SET STATISTICS TIME ON
select *
from [AW].[person].emailaddress as p
where dbo.VALIDEMAIL(P.emailaddress)=1
select *
from [AW].[person].emailaddress as p
where dbo.fn_RegexIsMatch(RTRIM(LTRIM(lower(P.emailaddress))),
'^[a-zA-Z0-9][\w\.-]*[a-zA-Z0-9]@[a-zA-Z0-9][\w\.-]*[a-zA-Z0-9]\.[a-zA-Z][a-zA-Z\.]*[a-zA-Z]$')=1
(19929 row(s) affected)
SQL Server Execution Times:
CPU time = 1466 ms, elapsed time = 1911 ms.
(19972 row(s) affected)
SQL Server Execution Times:
CPU time = 203 ms, elapsed time = 380 ms.
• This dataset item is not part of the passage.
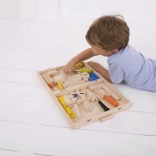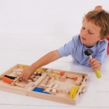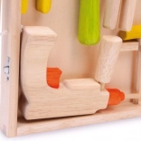 Excellent wooden toolkit with tools for all young DIY enthusiasts who want to develop their crafting skills. Includes a hammer, pliers, a drill, and wrench keys, all made from quality materials.

It's pretty cool to see that .NET performs good within SQL as well. I am primarily a .NET developer but do have to use SQL quite a bit as well, but the fact that .NET outperforms SQL both in readability and speed inside SQL on some actions make my job a lot easier.